# Has this been here before?



## glondor (May 8, 2012)

http://www.ebay.com/itm/HOW-TO-REMOVE-GOLD-FROM-COMPUTER-FINGER-BOARDS-SCRAP-/200698652992?pt=LH_DefaultDomain_0&hash=item2eba926940#ht_1513wt_813


----------



## ComputerHoarder (May 8, 2012)

wow thats funky, if you look at the feedback hes been messing with the prices on that alot but $2,000 that insane


----------



## maynman1751 (May 8, 2012)

I think it's a typo. He states in the description that it costs $19.99! What a deal! :roll:


----------



## ComputerHoarder (May 8, 2012)

haha 9 botton stuck a little?


----------



## MysticColby (May 8, 2012)

"this just valudates my findings i already found out what to do"
"the product to remove gold not sold in canada and the susbtitu product not work"
"WITHOUT THE USE OF THE DANGEROUS ACID KNOW AS AQUA REGIA / NITRIC ACID"

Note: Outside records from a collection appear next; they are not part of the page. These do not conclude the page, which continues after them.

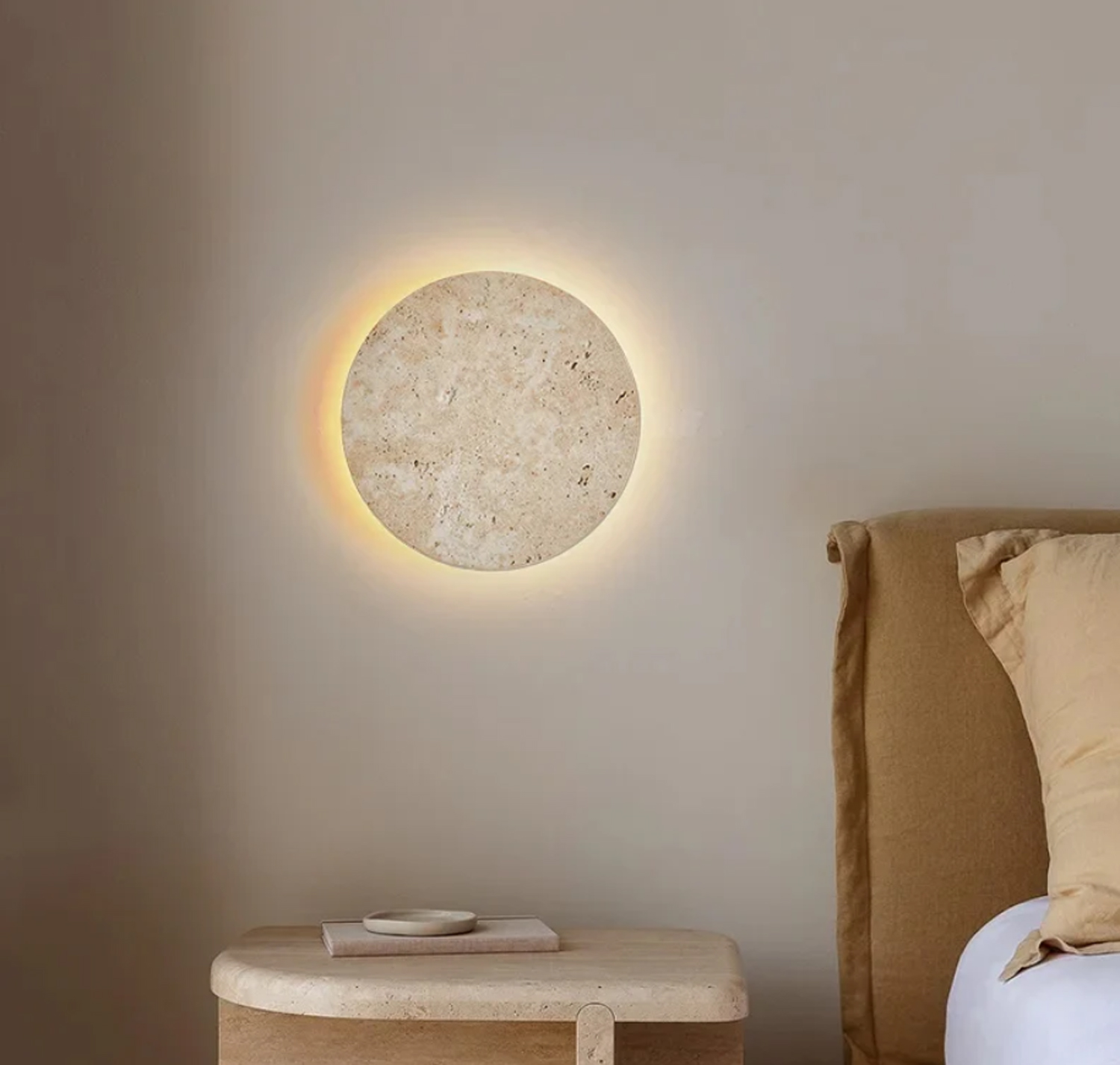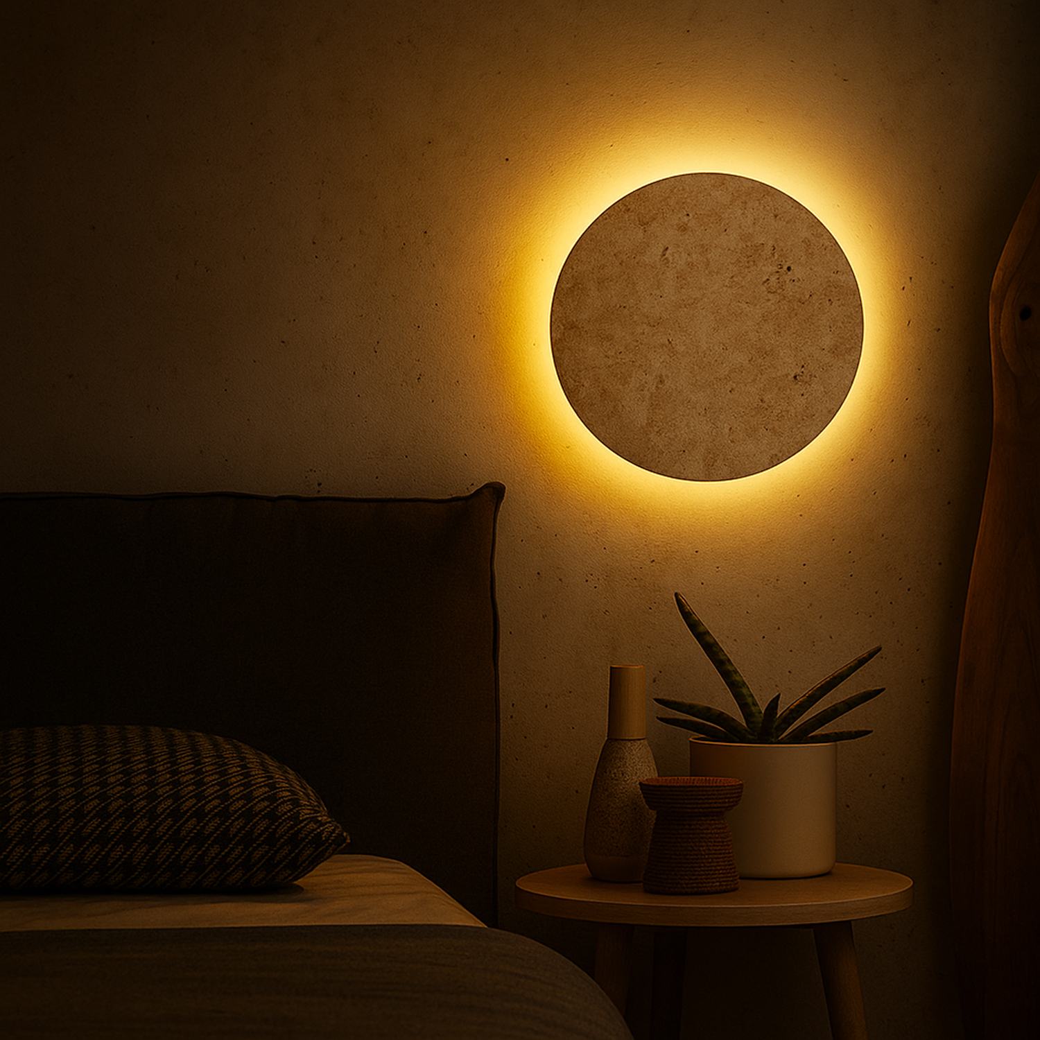Dairesel formda tasarlanan VAASA Duvar Apliği, traverten taşın doğal dokusu sayesinde duvar üzerinde yumuşak ve homojen bir ışık halkası oluşturur.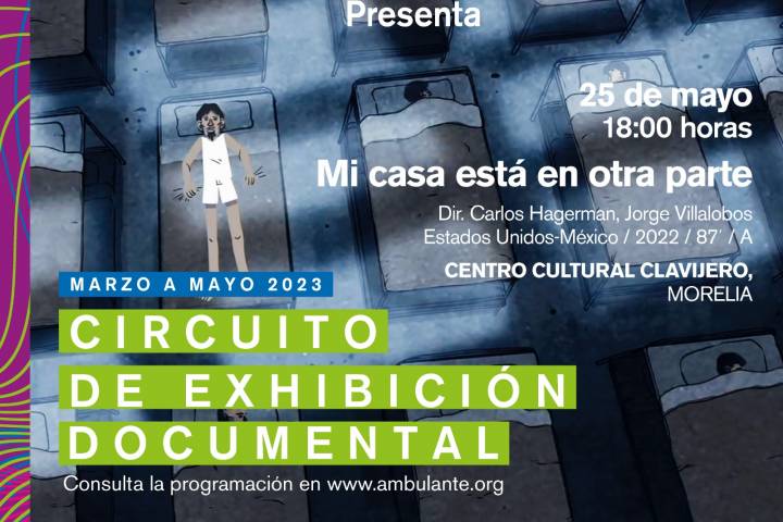 NOTICIAS 21/05/2023Próximo jueves, última función de Ambulante Presenta 2023La Secretaría de Cultura de Michoacán (Secum) invita a disfrutar de la última proyección del Circuito de Exhibición Documental de Ambulante Presenta 2023, con el largometraje Mi casa está en otra parte, a proyectarse el próximo jueves 25 de mayo a las 18:00 horas, en el Centro Cultural Clavijero.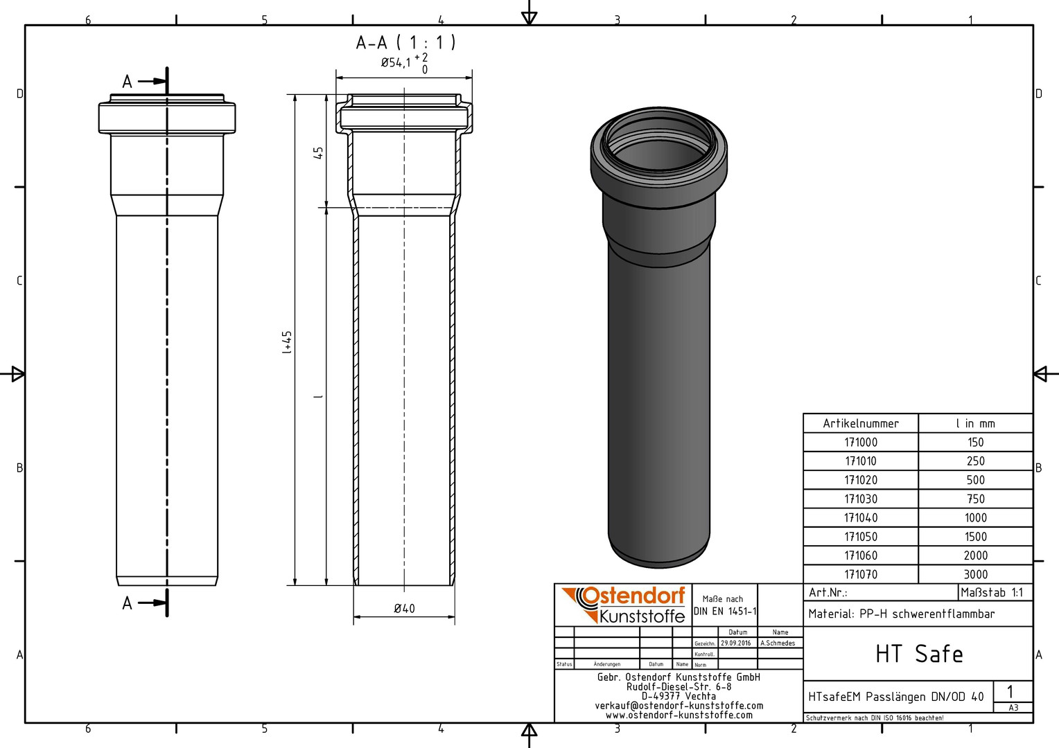 Ostendorf HTsafe Rohr EM DN/OD 40, 750 mm

What means does he use? I gotta admit, his feedback isn't that of someone ripping people off.
feedback isn't negative enough for it to be something like "use screwdriver to remove motherboard, there you have gold removed from computer"
maybe just apply torch and gold foil peels away?


----------



## joem (May 8, 2012)

For $1999 he'll sell his own acid tongued spit ( legal in Canada)
But really he is never going to get a bid, ebay will automatically say it's too low. I'm going to bid $199,999.00


----------



## Palladium (May 8, 2012)

Yeah..... but lets not forget he is offering free shipping. :mrgreen:


----------



## its-all-a-lie (May 9, 2012)

he has already sold 28 as of 2:04am


----------



## macfixer01 (May 9, 2012)

Judging by the color it looks like he's pouring in Ferric Chloride etchant solution to me, bought at the local Radio Shack. That also seems to be validated by one of the feedbacks he received:

Finaly got to radio shack,tried Mike's process found Gold in my rainbow10stars$	Buyer: cobra_svo ( 103) Jan-25-12 17:05
HOW TO REMOVE GOLD FROM COMPUTER MEMORY BOARDS SCRAP STEP BY STEP GUIDE SERVER (#200696906141)	US $14.99

macfixer01


----------



## MysticColby (May 9, 2012)

click on "28 sold"
the last 3 were for 2 grand. 25 before that were for $20. looks like the sale actually went through...

great seller	
Member id sob3rb3n ( Feedback Score Of 15Yellow star icon for feedback score in between 10 to 49)
Mar-01-12 19:39
HOW TO REMOVE GOLD FROM COMPUTER FINGER BOARDS SCRAP (#200698652992)	US $1,999.99	View Item


----------



## supercharged04 (May 9, 2012)

MACFIXER01 
That is exactly what he is doing. I bought this from him : ( before I found you guys.


----------



## supercharged04 (May 9, 2012)

By the way if anyone wants to see it send me your email address and ill send it to you it might be a day or to though I only have internet on my phone right now


----------



## jimmydolittle (May 11, 2012)

I asked him if this was for real a couple days ago, but he has not responded back.


----------



## joem (May 11, 2012)

supercharged04 said:


> By the way if anyone wants to see it send me your email address and ill send it to you it might be a day or to though I only have internet on my phone right now



Thanks super
I've read it ( it's about 1minute 45 seconds to read)
uses PCB ETCHANT SOLUTION FROM RADIO SHACK
Uses cut fingers with other Surface mounted items still attached
Throws in other ewaste stuff in the mix but in his report that was not mentioned
Melts recovered foils - no hcl+bleach or smb drop
Selling a get rich quick plan for people who have 20 cards and riches on the brain
A day on this forum would teach you more. 2 years ago I would have unkowingly bought this but not today.


----------